First, and observation:
Given a collection of dependent random variables, one can sometimes infer a Bayes net relating them, for example by taking the network with the fewest parameters. Sometimes a network can be made simpler by adding in extra hidden variables, which are common causes. Sometimes it can be made simpler still by adding extra hidden variables which are common effects, and conditioning on the values of these common effects.
Philosophically, this is kind of weird. It is hard to imagine what would happen if we were trying to discover the causal structure of the universe, and we discover that there is some hidden variable that always turns out to be a certain way, in spite of appearing to be causally downstream from the other variables.
And now a decision theory, postCDT:
Given a post-selected Bayes net, and a special node representing my action, and a special node representing my utility, sever all edges directed into my action. For each possible action, compute the expectation of the value of the utility node in the newly severed network, given I take that action, and all the post-selected nodes have their specified value. Take the action resulting in the highest expected utility.
This can do some things that decision theories based on non-post-selected Bayes nets cannot:
Consider a twin prisoner’s dilemma. There is a node representing your output, a node representing your twin’s output, a node representing your utility, a node representing your twin’s utility, and possibly some other nodes correlating you with your twin. The two utilities are decedents of the two actions.
Observe that if you and your twin share the same non-post-selected diagram, then an least one of you must not be causally downstream of the other. Without loss of generality, assume that your twin is not causally downstream from you.
In this case, you do not effect your twins action, and CDT says you should defect. You could try to get past this by pretending that you are deciding for some abstract algorithm that is a parent of your action, but unless the two players are deciding for the exact same node, you will run into the same problem. It is more clear that pretending you are choosing for an ancestor node does not work in a prisoners dilemma with different agents that are mutually predicting each other.
Now consider a post-selected Bayes net, where we add an extra node, which is a child of both your and your twin’s actions. This node is (approximately) 1 if your actions are the same, and 0 otherwise. This node is post-selected to be 1, explaining the correlation between you and your twin. In this case, postCDT will recommend cooperation, since your cooperation is correlated with your twin’s cooperation, even after severing your parents (which did not exist in this simplified example.)
A weird bug (or feature):
Note that if you connect up your action to logically equivalent nodes through common post-selected effects, then when you sever the parents, you do not also sever the parents of the other logically equivalent nodes. This seems weird, and makes it feel to me like this mostly just gets though CDT issues by effectively becoming a weird unmotivated modification of EDT.

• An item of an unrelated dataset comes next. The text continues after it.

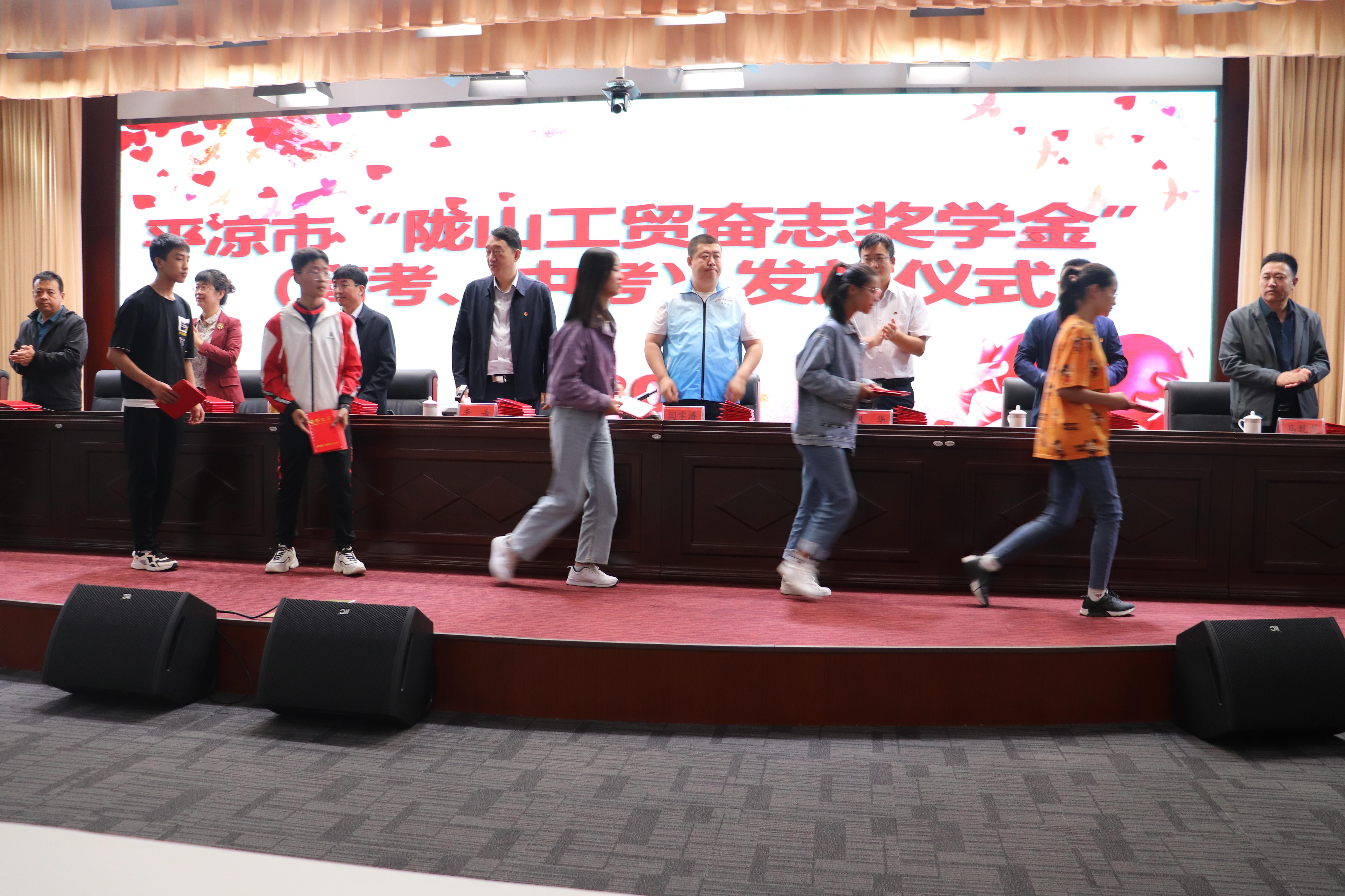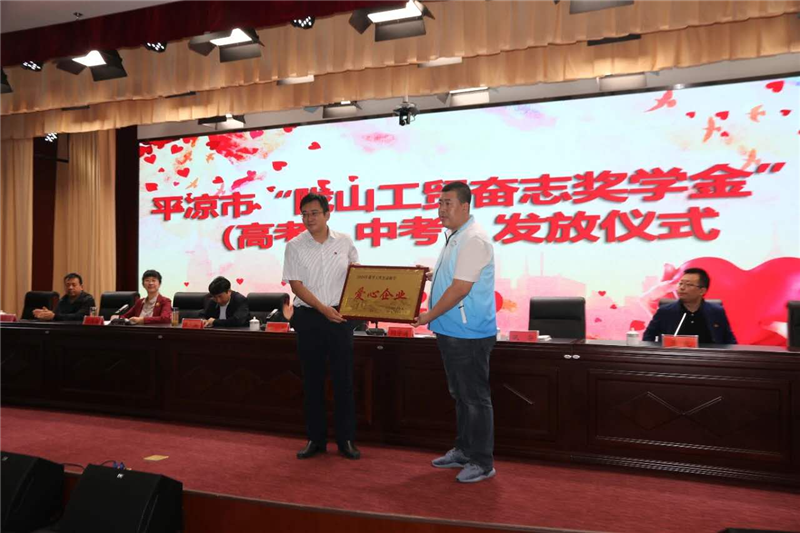 發(fā)放儀式上,平?jīng)鲭]山工貿(mào)有限責(zé)任公司總經(jīng)理閆宇濤先生作了致辭,勉勵(lì)同學(xué)們要樹(shù)立遠(yuǎn)大理想,樂(lè)觀勇敢,用自己的勤奮和努力創(chuàng)造美好的未來(lái),努力成為國(guó)家的棟梁之才;獲得“平?jīng)鲭]山工貿(mào)奮志獎(jiǎng)學(xué)金”的21名高考優(yōu)秀學(xué)子和30名中考優(yōu)秀學(xué)子現(xiàn)場(chǎng)領(lǐng)取了獎(jiǎng)學(xué)金及證書(shū);受獎(jiǎng)勵(lì)學(xué)生代表向企業(yè)和社會(huì)各界愛(ài)心人士表達(dá)了衷心的感謝,表示必將飲水思源,銘記幫助之恩,勵(lì)奮斗之志,發(fā)奮學(xué)習(xí),不負(fù)厚愛(ài)和希望。同時(shí),共青團(tuán)平?jīng)鍪形蚱經(jīng)鲭]山工貿(mào)有限責(zé)任公司頒發(fā)了捐資助學(xué)獎(jiǎng)牌,對(duì)愛(ài)心企業(yè)的愛(ài)心捐資幫助表示衷心的感謝。

On the other hand, maybe the effect is to be like CDT when you are the only copy of yourself, but then becomes like EDT when other copies are involved, thus allowing it to be like an EDT that smokes in the smoking legion problem.

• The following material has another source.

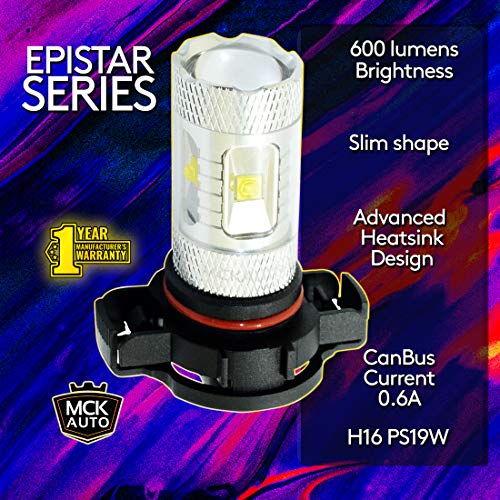 MCK Auto - Sostituzione per PS19W H16 PSX24W LED CanBus Set di lampadine bianche molto chiare e senza errori compatibili con A3 8PA

Conclusion: I am not particularly excited by this proposal, partially because it seems to not be very philosophically motivated, and partially because I think that causality based decision theories do not add anything to EDT. EDT has problems, all of which are in my mind orthogonal to the changes proposed in CDT. However, I think that it does provide an (ugly) fix to what is otherwise a hole in CDT like proposals, and is probably what I would think about if I were to think about that class of proposals.